Ministerie van Sociale Zaken en Werkgelegenheid
`s -Gravenhage, 14 april 2004
Nr. AAM/ASAM/04/21405
Nader rapport inzake het voorstel van wet tot wijziging
van de Wet arbeid vreemdelingen in verband met invoering
van bestuursrechtelijke handhaving
(Wet bestuurlijke boete arbeid vreemdelingen)
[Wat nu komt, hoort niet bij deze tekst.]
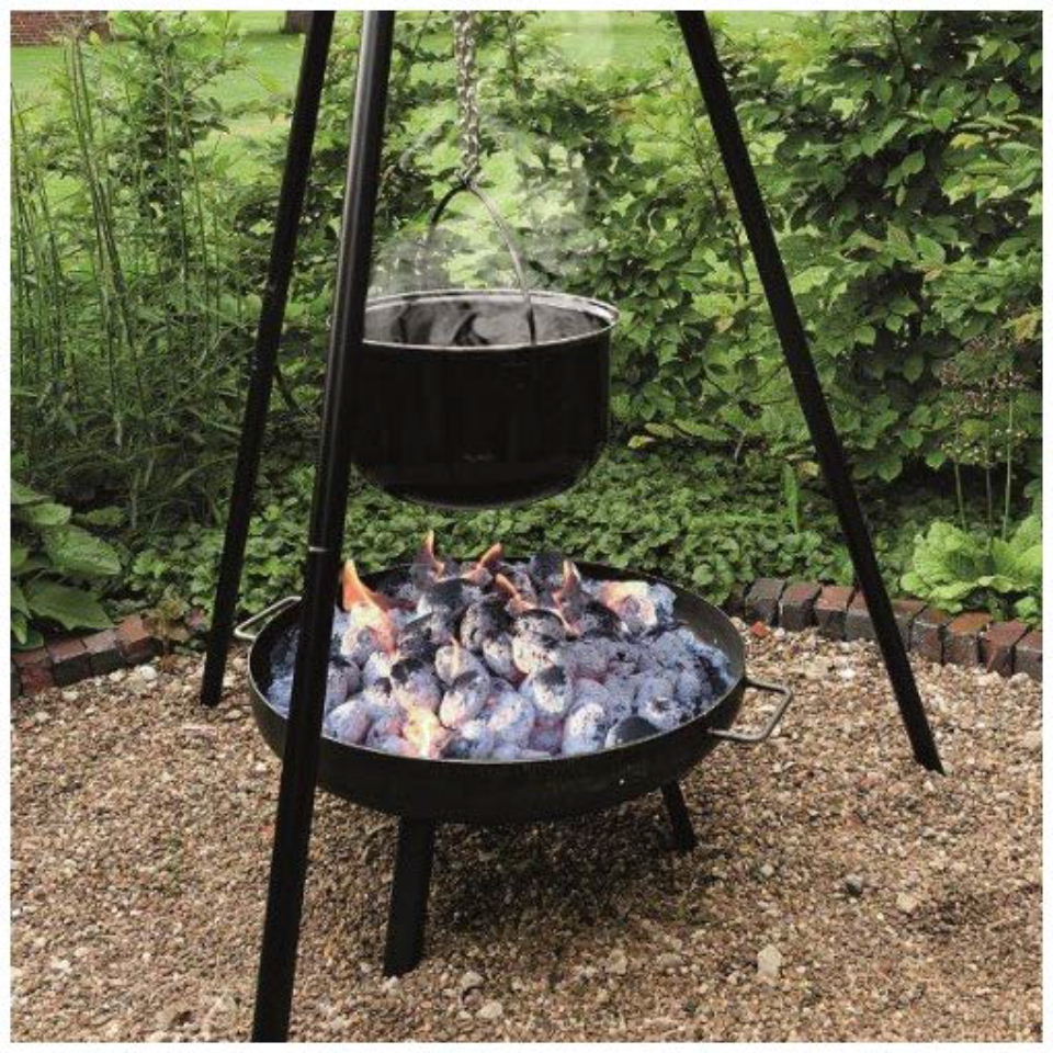Dafür leckere Wildschweinbratwurst aus den von Bülowschen Forsten und „Zielwasser“, das über dem Schwenktopf über Holzfeuer zubereitet wird.

Blijkens de mededeling van de Directeur van Uw Kabinet van 15
oktober 2003 nr. 03.004282, machtigde Uwe Majesteit de Raad van
State zijn advies inzake het bovenvermelde voorstel van wet
rechtstreeks aan mij te doen toekomen.
Dit advies, gedateerd 8 maart 2004, nr. W12.03.0434/IV, bied ik U
hierbij aan.
De Raad van State heeft geadviseerd het voorstel van wet te zenden
aan de Tweede Kamer der Staten-Generaal, nadat met een aantal
opmerkingen rekening is gehouden. Deze worden hieronder
besproken.
1. Het kabinet is verheugd dat ook de Raad de invoering van de
bestuurlijke handhaving in de Wet arbeid vreemdelingen ondersteunt.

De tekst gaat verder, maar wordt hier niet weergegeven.